The evidence derived from survey responses relating to factors influencing women's participation in CVD research were applied by our team in the development of the REPRIEVE Follow YOUR Heart Campaign. Specifically, we aimed to communicate with women potentially interested in participating through a screen-based strategy (video), offering both peer-to-peer communication and provider communication. Moreover, interwoven components of the campaign - including slogan, printed graphics, video, and web-based strategies (My Heart Matters heart-health blog, social media networking) – were designed to offer information/knowledge about why the REPRIEVE trial is important for women and to request women take steps to learn more about participating. Finally, all campaign components were designed to reflect women's self-identified motivations for research participation – empowerment and altruism.
Our findings that women with or at risk for HIV prefer learning about CVD research opportunities by “talking to someone who did/is doing the study” and “talking to my doctor about the study” dovetail with findings from previously published work relating to women's engagement in different types of HIV trials (not NCD-specific). Specifically, Falcoun et al. found that engagement of community advocates, including women with HIV, was an effective strategy for promoting women's participation in general HIV research trials17. Loughty et al. demonstrated that positive attributes of study staff (favoring good communication) enhanced female participation in general HIV research18 and Volkmann et al. highlighted that trust in one's provider enhanced research participation19. Meanwhile, Brown et al. demonstrated that peer referral and engagement of community agencies enhanced recruitment of women at risk for HIV to HIV vaccine trials20. Collectively, these findings highlight that peer-to-peer communication and provider/study-staff communication enhance women's participation in a variety of different HIV research trials.

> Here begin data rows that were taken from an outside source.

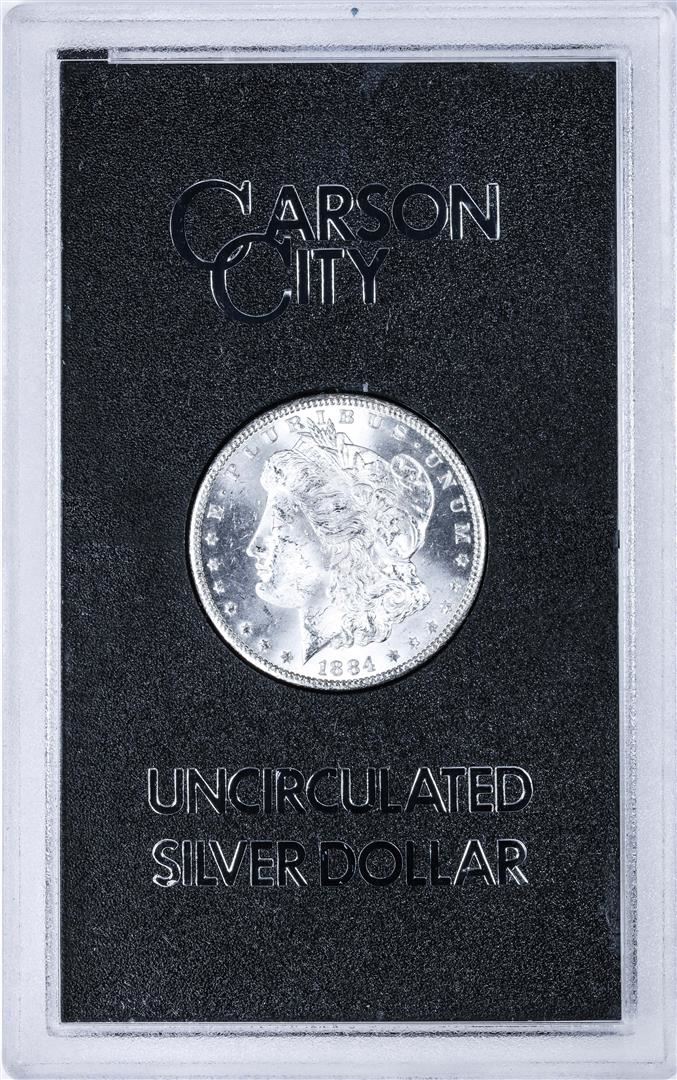 One 1884-CC $1 Morgan Silver Dollar Coin GSA Hoard Uncirculated w/Box & COA.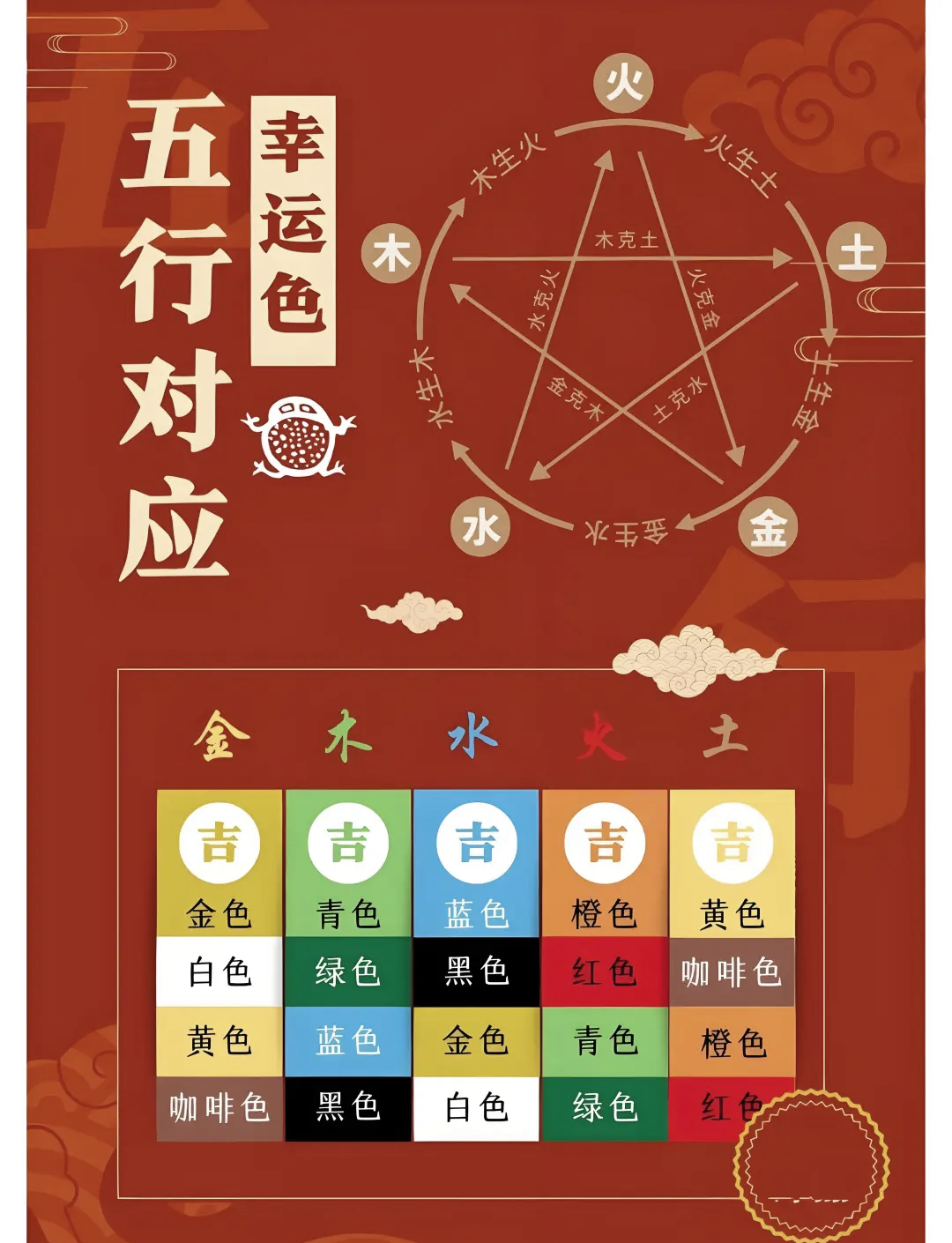 土色稳脾胃。灰棕助消化,防火旺伤土。女性在火年生育易热,用蓝黑可调激素平衡。整体,颜色影响色温疗法:冷色降温,暖色增能。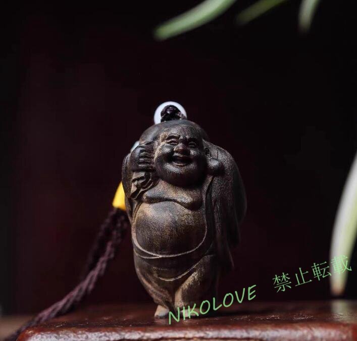 - ☆新品 布袋様 小型 木彫り 沈香(じんこう) 稀少香木 木製仏像 金運 置物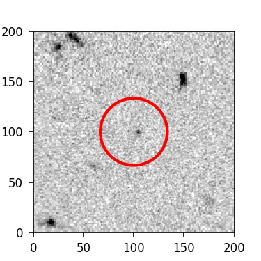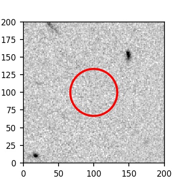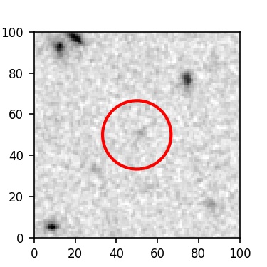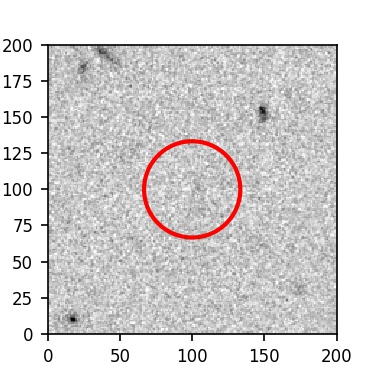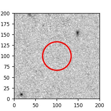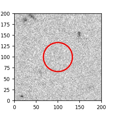 The red circle in the various panels is 1" in radius. The images are 6"x6".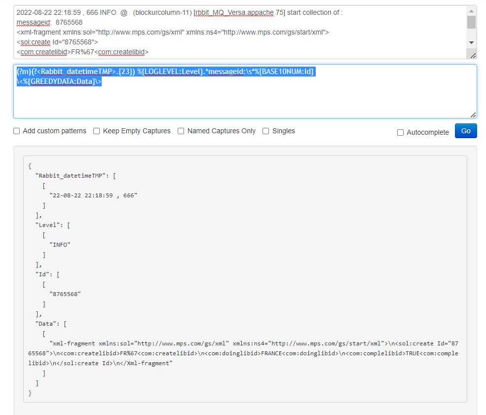 I need to grok the datetime logelevel message id and the first line of xml(</Xml-fragment xmlns: sol ="http://www.rabitmq.com/was/xml/complte" xmlns:ns2="http://www.rabitmq.com/was/xml/complte">) . starts with< and ends with >.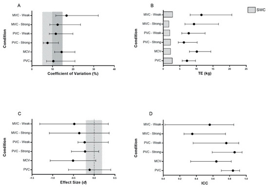Figure 2 provides a graphical representation of the CV, TE, ICC and Cohen’s d across all conditions with respect to the criterion based upon four and three points, respectively.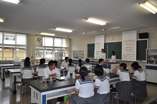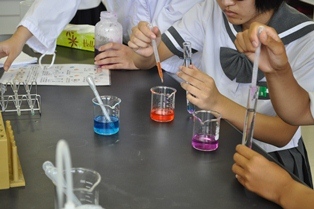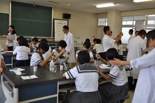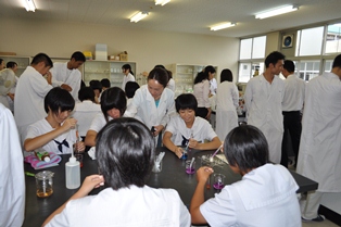 工業化学科では中和滴定とアロマビーズ作りの体験が行われました。

In our survey, endorsed methods potentially promoting women's participation in HIV-associated CVD research included screen-based strategies (e.g. video/social media). A minority of the women we polled favored social-media based communication about research. This finding may relate to the fact that women in our study tended to be older (mean age 53) than women in previous studies examining HIV research engagement17. Moreover, access to digital media among individuals surveyed may have been limited. Indeed, the survey was distributed at a support group meeting hosted by a non-profit organization whose clients (90%) report income at or below poverty level. While social-media based communication about research was only favored by a few, the majority of women polled in our study reported desiring to learn about studies by watching a video. Previous studies have demonstrated that video-based interventions have efficacy to change health behaviors21. Ours is the first study to identify video-based presentation as a patient-endorsed means of communicating about CVD research to women with or at risk for HIV.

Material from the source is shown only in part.